# First sand top dressing anything to be aware of



## Babameca (Jul 29, 2019)

The time has come for another first with my Reno. The top soil put at seeding finally settled in. I mow at 7/8 and can clearly see ocean waves... :bandit: No fever/Covid free. Found USGA sand supplier and opted for 80/20 sand peat mix. I know, it may be more difficult to spread, but having a bit of organic makes me feel more comfortable. My CEC is 13 so it will also be NOT that dramatic and avoid creating layers.
I have 6000sqf to cover. Due to outrageous transportation cost I ordered 8 tons which should be around 5.5 cub yards.
I have 2 options. Use it all or split and do 2nd app in late August. I have the flat 'golf corses' rake and...shovels :roll: 
Will apply 0.3N at the time of dressing. My PGR is at half of its cycle. Lawn looks healthy, happy and growing well.
Anything I am missing or to be aware of.
Cheers,
B


----------



## Matix99def (Jul 15, 2019)

What size is that sand screened at??


----------



## Babameca (Jul 29, 2019)

@Matix99def 1.5mm the peat. Sand is even finer:
https://www.ojcompagnie.com/sites/default/files/fichiers/SAble%20Sand%20TDS%20Soltek%20Agregats.pdf


----------



## corneliani (Apr 2, 2019)

Are you aerating or just Topdressing? I like the idea of aerating before topdress, it may even use up more of that material you got. Pull good deep cores tho.


----------



## Matix99def (Jul 15, 2019)

Not a clue what that chart means haha.

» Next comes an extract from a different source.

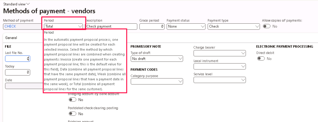 If despite having the Method of payment Period of “Total”, the payment proposal is still not grouping all the payments for the same vendor into 1 payment line, then there might be 7 other contributing factors that are causing the payment proposal to be broken up into multiple payment lines.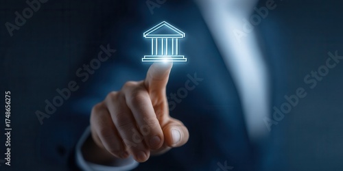 Person Interacting With a Digital Bank Symbol in a Modern Office Setting

What are the benefits from the smaller sand? Just easier to spread?


----------



## Babameca (Jul 29, 2019)

@Matix99def It is called particle size distribution (PSD). To make things simple most of it is below 0.5mm It is also 2 different shapes: oval and 'edgy' which slows down compaction. Finer goes easier in the canopy and is closer to soil in particle size...even if this can be a statement...


----------



## Babameca (Jul 29, 2019)

corneliani said:


> Are you aerating or just Topdressing? I like the idea of aerating before topdress, it may even use up more of that material you got. Pull good deep cores tho.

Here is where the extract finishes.